RECORDED DATA: Begin

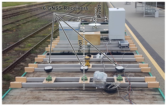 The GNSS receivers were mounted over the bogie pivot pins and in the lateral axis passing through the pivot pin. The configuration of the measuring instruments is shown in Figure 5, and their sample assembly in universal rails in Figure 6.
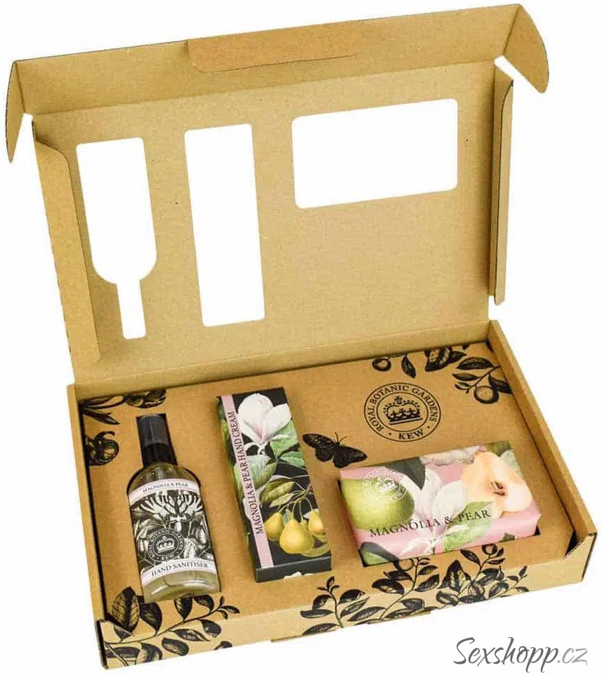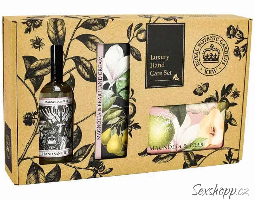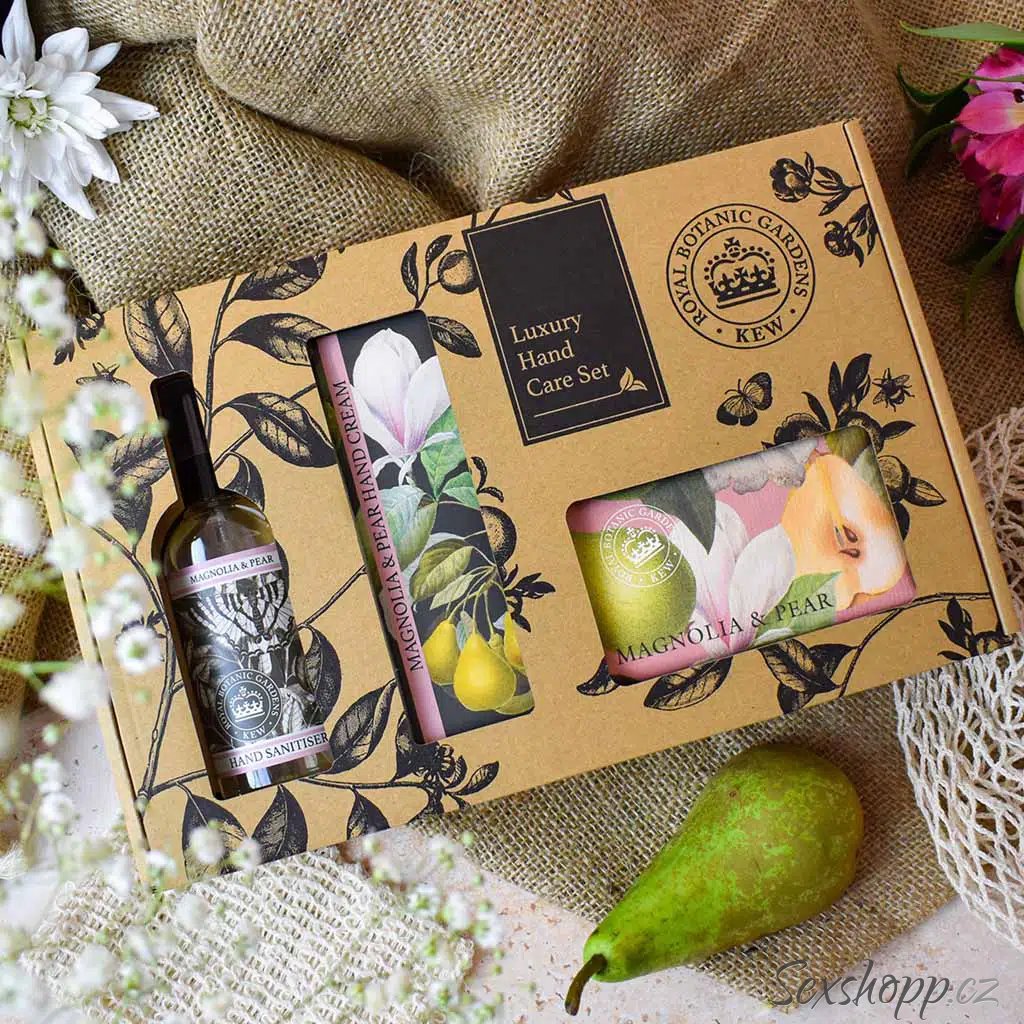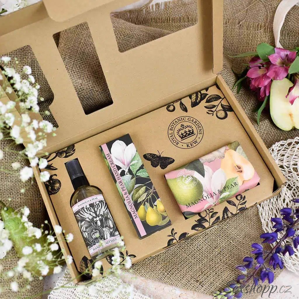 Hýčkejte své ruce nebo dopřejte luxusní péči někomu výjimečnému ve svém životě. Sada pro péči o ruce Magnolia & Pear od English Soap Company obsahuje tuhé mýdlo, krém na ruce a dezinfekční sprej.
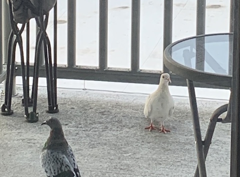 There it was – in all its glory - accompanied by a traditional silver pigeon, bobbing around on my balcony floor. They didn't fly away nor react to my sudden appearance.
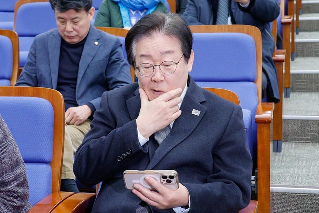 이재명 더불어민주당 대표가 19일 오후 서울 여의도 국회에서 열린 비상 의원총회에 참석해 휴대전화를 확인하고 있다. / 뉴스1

RECORDED DATA: End

A faithful copy of all the lines above is needed, with the pictures omitted.

*RESULT:*
 The GNSS receivers were mounted over the bogie pivot pins and in the lateral axis passing through the pivot pin. The configuration of the measuring instruments is shown in Figure 5, and their sample assembly in universal rails in Figure 6.
 Hýčkejte své ruce nebo dopřejte luxusní péči někomu výjimečnému ve svém životě. Sada pro péči o ruce Magnolia & Pear od English Soap Company obsahuje tuhé mýdlo, krém na ruce a dezinfekční sprej.
 There it was – in all its glory - accompanied by a traditional silver pigeon, bobbing around on my balcony floor. They didn't fly away nor react to my sudden appearance.
 이재명 더불어민주당 대표가 19일 오후 서울 여의도 국회에서 열린 비상 의원총회에 참석해 휴대전화를 확인하고 있다. / 뉴스1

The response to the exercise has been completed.